I had seen art last night, and had pizza, beer and wine, but are you going to tell Bilby that?  Uh yeah, Bilby, I have ingested beau coup art lately.  Would love to see you but am afraid of getting art toxicity so...like what?  I mean seriously.  What are you going to do?  Christ.  Now with all these cancellations, these reaffirmations of nothingness, Bernadette is spiraling out of control, trying to get me to go out and view vegetables and cat toys and I'll just be blunt here, I'm not feeling that at all.  I am three quarters the way through a novel that I was ready to quit at the halfway point but am sticking with just because I honestly don't know why I'm sticking with it.  It was one of the Pulitzer for fiction nominees this year, a year with no winners, and so far I'm pretty much in agreement with the committee.  Anyhow, the cat will come out ahead in all this.
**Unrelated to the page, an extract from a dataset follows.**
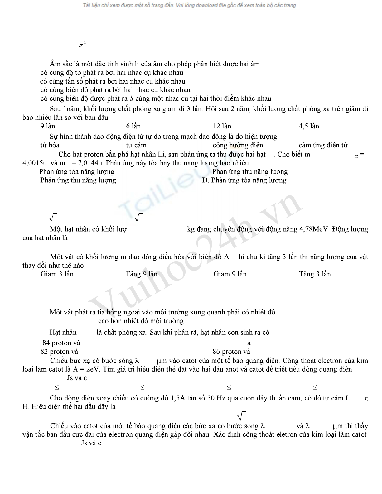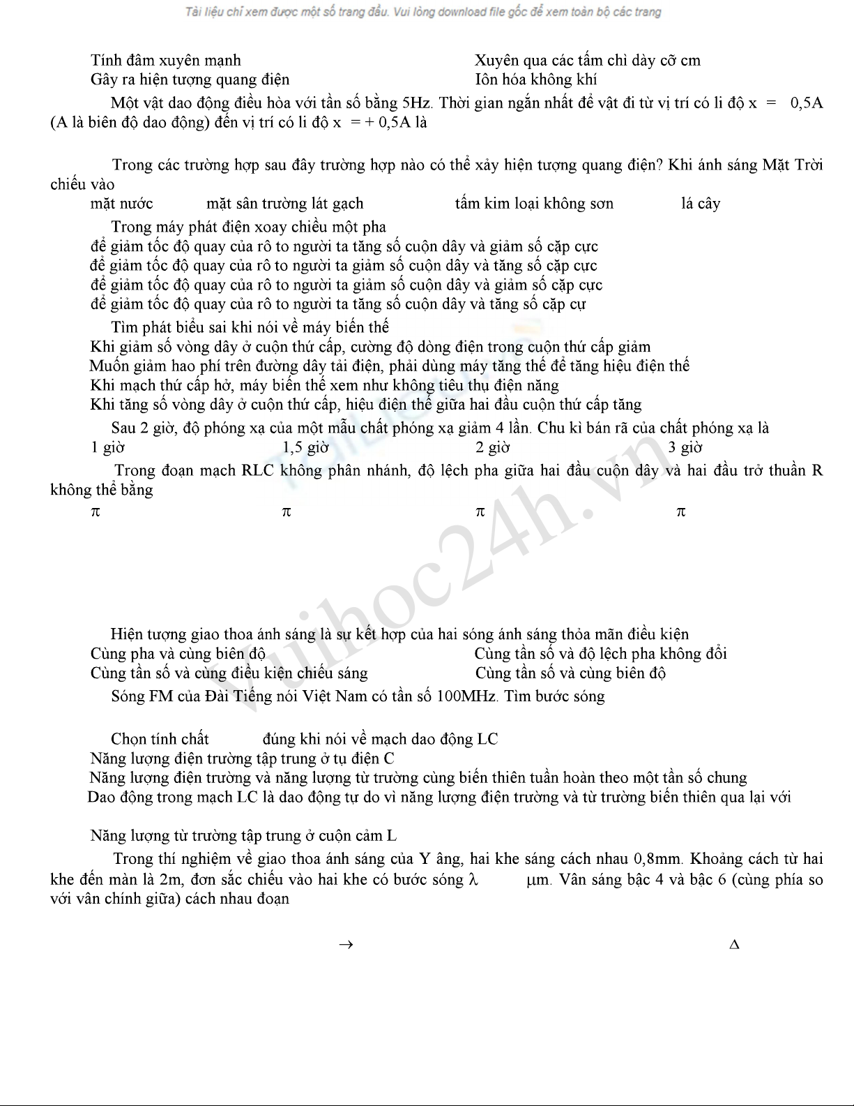 Câu 24: Con lắc lò xo treo thẳng đứng, lò xo có khối lượng không đáng kể. Hòn bi đang ở vị trí cân bằng thì được

Ok, here's the thing, you don't realize how ludicrous, how borderline mean-spirited, hell, insane even, is the comment--I hear you have termites, until you say it to the wrong person, and by wrong I only mean a person in the room who is not the woman Bernadette suggested I go talk to last night and give unto her my substantial wisdom concerning termites, which is, call someone then quit worrying about it.  For the greater body of people including all of humanity, here is my more general advice regarding termites.  If you can't tell Asian people apart  (even if Bernadette did say Japanese, about a woman who is part Japanese) or are just easily confused in those crowded spaces from which you are seeking the most rapid extrication, wait for a person with termite problems to reach out to you, not the other way around.  Otherwise you will spend the rest of the night hoping those two Asian people at the party don't learn that you mistook one for the other and decide they have had enough of your petit bourgeois racist bullshit, effectively banning you from art openings the world over, which remember, can include after parties with pizza and beer.  

Following is a short list of the Asians you should studiously learn to differentiate.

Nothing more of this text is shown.